Partitioners can thus make use of IEL, as can many others, including those with differing views about (declarative) entailment. While the latter figures in many of its definitions, IEL can treat it in numerous ways. We'll treat entailment in the manner most familiar to philosophers—i.e. as the relation between premises and conclusions in classically valid arguments. Logicians have explored several alternatives (see, e.g., Leszczyńska-Jasion & Chlebowski (Reference Leszczyńska-Jasion and Chlebowski2015)). Perhaps entailment can even be usefully replaced by probabilistic relations. This flexibility is a feature, not a bug. IEL is an intentionally modular tool, designed to be embeddable into many theoretical frameworks.

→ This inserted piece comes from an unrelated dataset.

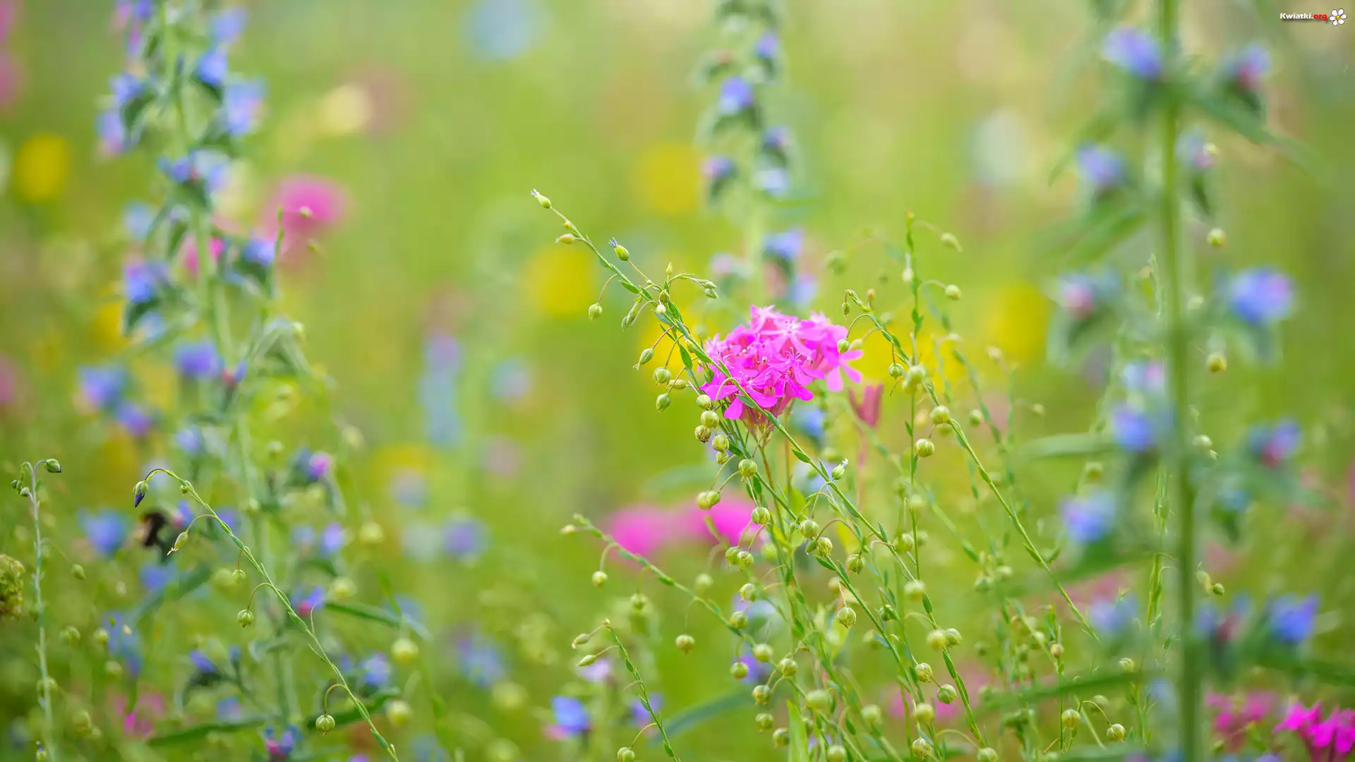 Jasnoróżowe, Niebieskie, Kwiaty, Łąka - Zdjęcia

Now we can state the standard definition of evocation in IEL. That definition—which comes from Wiśniewski (Reference Wiśniewski1991, Reference Wiśniewski1995) via Belnap (Reference Belnap and Lambert1969) and Bromberger (Reference Bromberger and Mandelbaum1971)—has it that Q is evoked by Γ just if the following two conditions hold:
Relative Soundness: Q is sound relative to Γ.
Affirmative Openness: Γ does not entail any direct answer to Q.
To illustrate this, notice that Fiona is smiling evokes only one of the questions below.
Q1. Is Fiona smiling?
Q2. Is the present king of France smiling?
Q3. Is Fiona happy?
From now on, we'll mean by “evocation” only what this definition picks out. We won't claim that this is a good explication of the notion of propositions “raising” questions. Rather, we'll take the relation as-defined and do some philosophical work with it.
Evocation connects questions to propositions. Another relation, erotetic implication, connects questions to questions (or to questions and propositions). Another argument illustrates it:
1. Who wrote the Republic?
2. The writer of the Republic also wrote the Meno.
3. So, who wrote the Meno?
Erotetic implication comes in several varieties. The above example features “strong regular” erotetic implication, which we'll call resolution (see Wiśniewski (Reference Wiśniewski2013: 76) and Millson (Reference Millson2019, Reference Millson2021)). This relation requires three conditions. First, the premises must secure the soundness of the conclusion-question in the sense that, if the premise-propositions are all true and the premise-question is sound, then the conclusion-question is also sound.
Security: Q 2 is secured by Q 1 given Γ iff : if Q 1 is sound given Γ then so is Q 2.
Second, the conclusion-question must effectively answer the premise-question given the premise-propositions, in the sense that each direct answer to the conclusion-question entails (given the premise-propositions) a direct answer to the premise-question.
Effectiveness: Q 2 is effective for Q 1 given Γ iff , given Γ, each direct answer to Q 2 entails a direct answer to Q 1.
Third, the premise-propositions must leave the premise-question and (thus) the conclusion-question affirmatively open in the sense that they don't entail any of their direct answers. The definition of resolution is thus as follows:
Resolution: Q 2 resolves Q 1 given Γ iff
1. Q 2 is secured by Q 1 given Γ,
2. Q 2 is effective for Q 1 given Γ, and
3. Γ leaves Q 1 (and hence Q 2) affirmatively open.
We've described IEL in terms of propositions. But, in full disclosure, it's usually formulated in terms of wffs—strings of symbols—some of which are declarative (the formulas of propositional logic, e.g., “p”) and others erotetic (declarative wffs inside brackets with a question mark, e.g., “?{p, ¬p}”). In speaking of propositions, then, we impose a philosophical interpretation on IEL. Though not uncontroversial, this interpretation is traditional and modest; we assume only that propositions can be believed, known, and asserted (and adequately modeled by the kind of propositional logic that's in the Appendix). These assumptions are compatible with many theories about propositions’ nature.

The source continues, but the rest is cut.